Но безжалостно, несколькими тычками в спину, они призывают его к порядку… Хватит, ну что за манеры? Можно ли быть таким невежливым? Встань же, погляди… Даже мы, видишь, подходим, подаем тебе пример: Да. Она прекрасна. Да. Они качают головой, как положено, с проникновенным видом… они обращаются к нему: Разве она не прекрасна? Ты не согласен? Не находишь, что это и в самом деле великолепная вещь?.. Его взгляд послушно устремляется туда, куда направлены их взгляды, сливается с ними и, несомый тем же потоком, течет, падая на то, что стоит тут, посреди стола: на зверюгу, грубо вытесанную из ноздреватого, грязно-серого материала… Чересчур прямая линия спины… Непропорциональные лапы… Чересчур коротки?.. Чересчур широко расставлены?.. А ты… ты… моя красавица… он тянется, протягивает руки… О ты… ты, ты… понизив голос, стиснув зубы… Ну, иди, иди сюда… хочешь, чтобы тебя приласкали, да? ах ты, старая моя зверюга, милая моя собака… ты это любишь… псина ты этакая… ах ты лизун… ах ты кусака…
Вспомни о приличиях, черт возьми, о достоинстве, степенности.
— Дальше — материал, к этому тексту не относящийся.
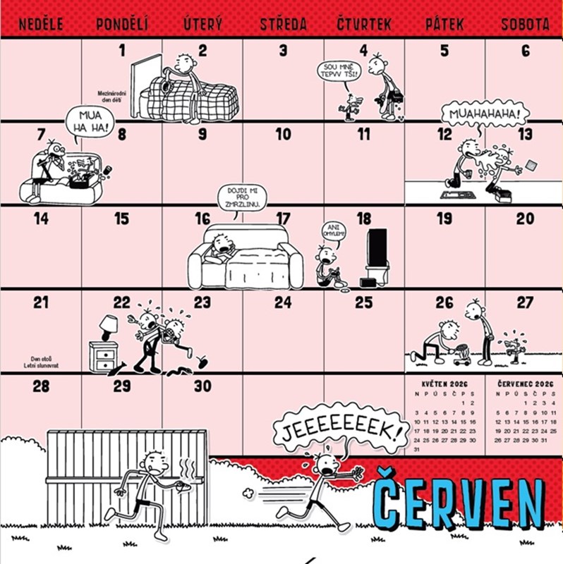 V jedinečném nástěnném kalendáři s klasickými kresbami Jeffa Kinneyho a barevnými citáty najdete všechny své oblíbené postavy. Jako bonus obsahuje padesát poseroutkovských samolepek, kterými si snadno připomenete narozeniny, návštěvy u lékaře i mimoškolní činnosti.

Что за сомнительные игры? На что это похоже? Нам, право, стыдно за тебя. Где ты находишься? Разве мы не в приличном обществе? Не среди культурных людей? Посмотри на нас… Они теснятся вокруг стола… Что это такое, как вы думаете? К какой эпохе это относится? Какого происхождения, как вы считаете? Они внимательно слушают, уважительно покачивают головой.
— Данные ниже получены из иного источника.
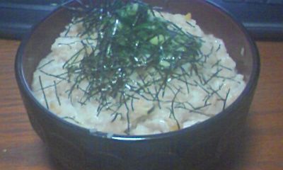 マッシュポテト+ツナ+たまねぎ、それに青海苔+マヨ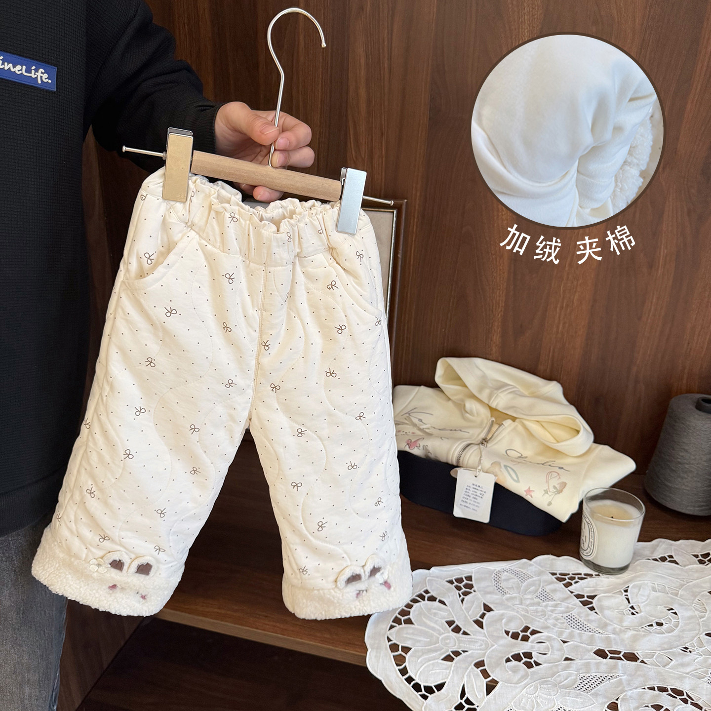 女童加厚加绒宽松直筒小棉裤 女宝宝亲肤柔软夹棉休闲裤 女婴儿冬装

Раскаты их хохота все громче… они уже пе могут его сдержать естественно, так всегда бывает, если люди устали или только что избежали опасности, в трагические минуты, в торжественных случаях, на официальных церемониях, на похоронах, на свадьбах, при передаче полномочий, коронации… есть люди, это хорошо известно, которыми вдруг овладевает вот такой безумный хохот. Они в эту минуту точно школьники, выпущенные во двор на перемене… Они были так усердны, так сосредоточенно слушали урок, что теперь, это не удивительно, им необходима разрядка, они как с цепи срываются… Ну и вид у него был, когда он встал в позу магистра, облаченного в тогу. Ты знаешь, он ведь преподавал… Что, бог мой? Не завидую его студентам… Да историю искусства, разумеется, ха, ха…
Однако какая наивность, какая глупость приписывать им подобные речи… Ничего похожего не было сказано… ни о чем похожем они между собой не говорят… Никогда… это значило бы полностью нарушить правила игры… Тогда почему?.. Взрывы хохота следуют один за другим, все чаще и чаще… Неудержимо… Почему? Да пе почему… им достаточно пустяка, это известно, им так мало нужно… Зачем доискиваться? Никакого, даже самого отдаленного отношения к тому, что минуту назад произошло здесь. За кого их принимают? Они слишком вежливы, слишком хорошо воспитаны, чтобы позволить себе вот так, по горячим следам, едва оставшись одни, приняться обсуждать, критиковать… Они прошли слишком хорошую выучку. Их покоробило бы, позволь себе вдруг один из них такую несообразность, такое грубое упрощение…
Каждый из них прекрасно знает, незачем и сговариваться, что смех без причины, поистине из ничего… из-за ерунды, чуши, пустяка, о котором и говорить не стоит, которого потом даже и не вспомнить… как раз такой смех, то вдруг взрывающийся хохотом, то, затихающий… и снова овладевающий ими, надолго… это — сигналы, которые они подают ему и которых он не может не принять, нечто вроде информации, являющейся результатом тонких и сложных химических реакций, выработанных на протяжении долгой эволюции и обеспечивающих функционирование живого организма.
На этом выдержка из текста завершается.